Finance minister Pranab Mukherjee skimmed lightly over the problems afflicting the agricultural sector – food inflation, inadequate agricultural production, declining soil fertility, massive food wastage – and made no mention of agrarian distress or debt-driven farmers’ suicides. Those expecting reforms in agriculture and the public distribution system were doomed to disappointment.
The increase in rural credit flow by Rs 1 lakh crore is presumably expected to benefit farmers and simultaneously boost agricultural production. But the experience of the last decade has shown that increased access to credit has not helped the farmer in the long term, due to rising input costs which nullify any gains from enhanced MSPs. Farming remains as unviable as ever.
Fertilizer costs went up following the introduction of the nutrient-based fertilizer policy last year, just as labour costs increased due to the NREGS – and will continue to do so. Capital and operating costs, too, have increased due to falling water tables, necessitating investment in submersibles, diesel pumps, etc. Default on electricity bills by farmers – sometimes whole villages – is a common problem faced by state electricity boards.
In order to facilitate delivery of fertilizers to BPL farmers, a direct cash subsidy is to be introduced. How exactly this will address black marketeering and hoarding of fertilizers – increasingly common in the last one year, when fertilizer (despite the government claims to the contrary) were in short supply – remains to be seen.
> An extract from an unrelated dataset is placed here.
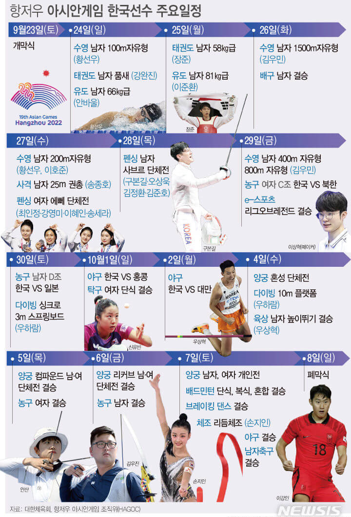 항저우 아시안 게임 한국선수 주요 경기 일정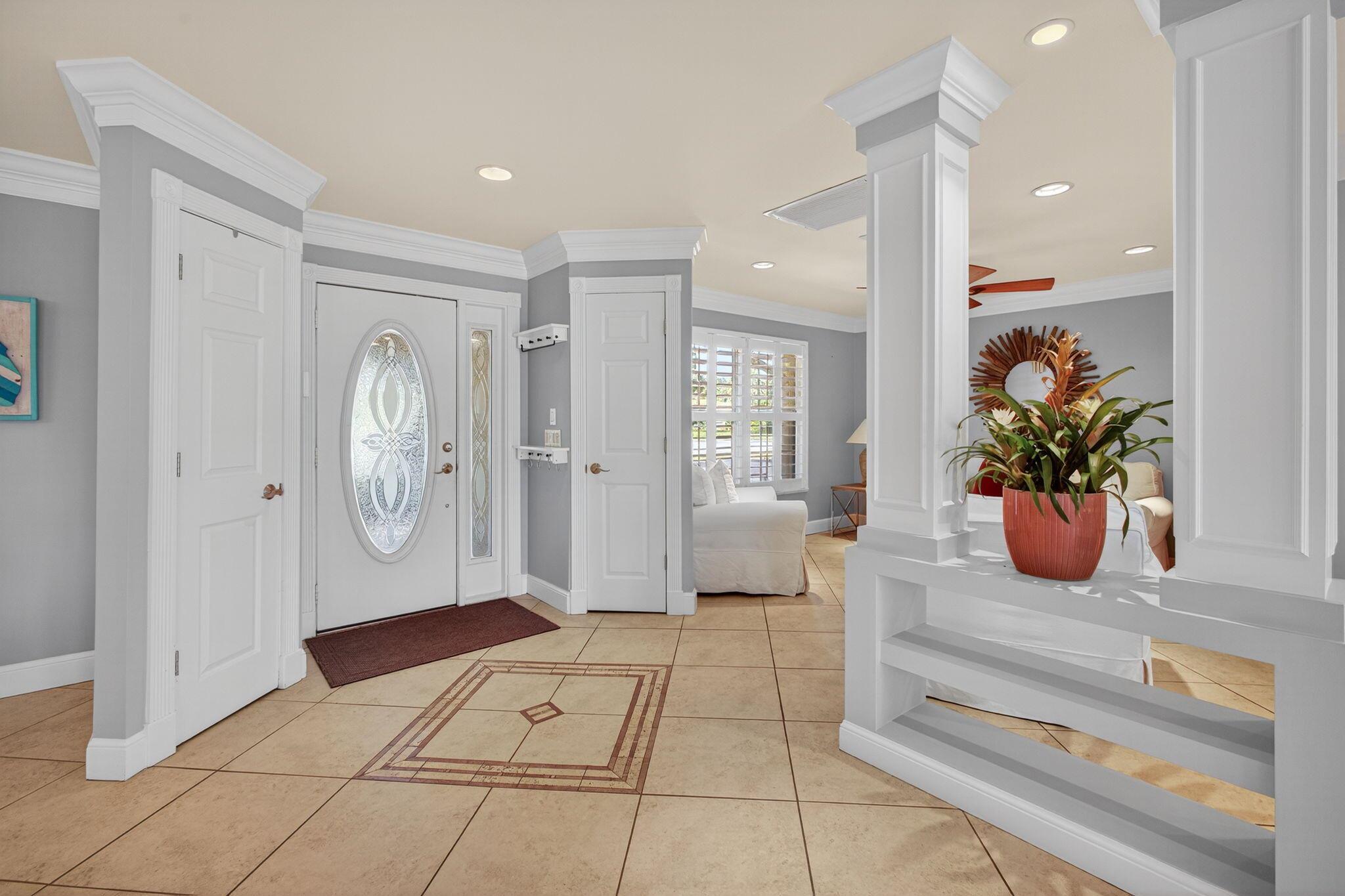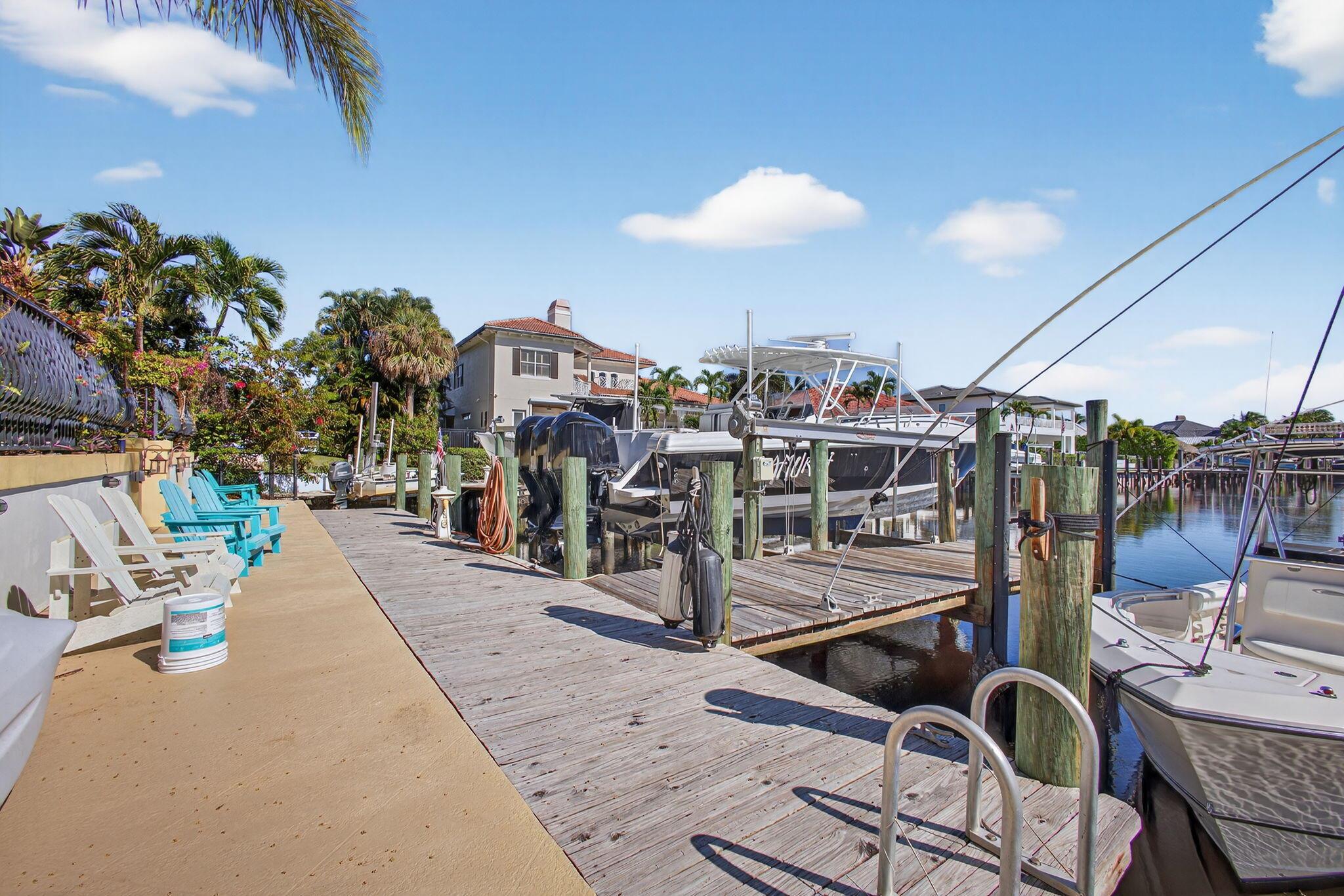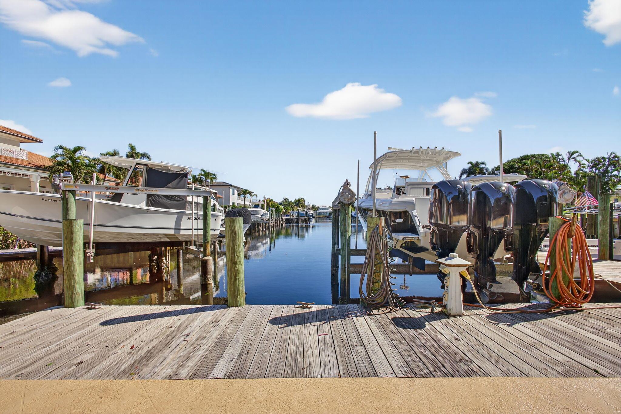 Waterfront home offering a stunning long canal view, a large private dock, and a 20,000 lb boat lift with direct ocean access and no fixed bridges. This spacious open-floorplan home features 4 bedrooms / 3 baths / 2 car garage. Home is rented through August 31, 2026. New owner to agree to transfer lease til lease end.Inside, enjoy a large gourmet kitchen with stainless steel appliances, granite countertops, natural gas stove, 2023 refrigerator, and an ultra-quiet 2022 dishwasher. Additional interior features include crown molding, plantation shutters, hurricane shutters, natural gas washer/dryer, natural gas water heater, and natural gas pool heater and new air conditioner installed in 2025.

On the issue of credit, the FM’s contention that farm loans would be available at an effective rate of 4 percent, as opposed to 7 percent earlier, must be taken with a pinch of salt. If that is the case, why is micro-finance (sometimes at interest rates of 24 percent or more) still thriving? Clearly, delivery of institutional finance is lacking. While allocations for micro-finance are welcome, the fact that there is no cap on borrowing rates is a major lacuna.
Given the UPA’s commitment to the food security bill, the need to ensure adequate agricultural output is clearly exercising the FM. Hence his emphasis on the East India Green Revolution as a means of boosting production. At the same time, he referred to the problems created by the first Green Revolution (in Punjab and Haryana), like decline in soil fertility due to overuse of chemical inputs. The intent is clearly to broadbase procurement for the public distribution system by exporting the Green Revolution – with all the attendant problems – eastwards, where soil is still fertile and access to water easier. The current dependence on Punjab and Haryana for procurement is worrying, as per hectare productivity is falling – by as much as 22 percent.
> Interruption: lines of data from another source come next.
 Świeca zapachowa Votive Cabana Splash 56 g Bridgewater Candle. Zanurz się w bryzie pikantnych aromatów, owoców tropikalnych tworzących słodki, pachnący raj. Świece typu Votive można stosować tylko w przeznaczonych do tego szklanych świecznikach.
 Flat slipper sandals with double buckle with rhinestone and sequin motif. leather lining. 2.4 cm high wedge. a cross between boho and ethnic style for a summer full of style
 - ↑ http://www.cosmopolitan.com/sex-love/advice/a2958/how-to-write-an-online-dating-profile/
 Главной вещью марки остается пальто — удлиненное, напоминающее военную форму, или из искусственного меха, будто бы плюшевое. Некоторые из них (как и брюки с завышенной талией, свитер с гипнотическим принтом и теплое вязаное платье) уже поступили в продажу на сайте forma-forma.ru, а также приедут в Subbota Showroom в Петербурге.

A positive aspect of the budget is the FM’s allocation of Rs 300 crore each for promoting production of pulses, oilseeds, coarse cereals, fodder, organic farming, vegetables and meat and poultry. The funds may be paltry, more in the nature of pilot projects than full scale programmes, but it is a start.
Pulses and oilseeds production is way short of demand and along with the decline in coarse cereals, is seen as a leading cause of malnutrition in the country. However, the allocation for oilseeds is to go towards creating palm oil plantations, which are neither suitable nor desirable for the Indian constitution and climate. Promotion of mustard and sesame are far more viable and healthier alternatives.
As for fodder, the shortages have been exacerbated by the diversion of agricultural waste as fuel for industrial units and a policy decision to stop this practice may go a long way in addressing the gap.
Vegetable clusters near urban centres would cut down the need for transportation and storage by ensuring fresh produce for local consumption. Food policy activists have been promoting local production, storage and consumption of produce as opposed to massive public and private investments in storage and transportation infrastructure. However, the narrow procurement base and centralised structure of FCI leaves the FM with no choice but to effectively increase food storage capacity by a third.
Interestingly, while the FM talked of improving supply chain management, APMC (Agricultural Produce Marketing Committee) reforms and linking farmers directly with markets, he did not speak of introducing foreign direct investment in multi-brand retail – a blow to Wal-Mart and its ilk.
In terms of agriculture, the Karnataka government has proved far more innovative. This year, it tabled an ‘agriculture budget’, providing for credit at 1 percent, Rs 200 crore for organic farming, Rs 1,000 crore for development of farms, Rs 125 crore for bio-fuels, a soil enrichment programme, mobile agricultural extension units and rejuvenation of water sources.
Union agriculture minister Sharad Pawar dismissed the idea of a separate budget for agriculture but it may be less far-fetched than it seems, bringing diverse schemes for the rural sector under a single policy document.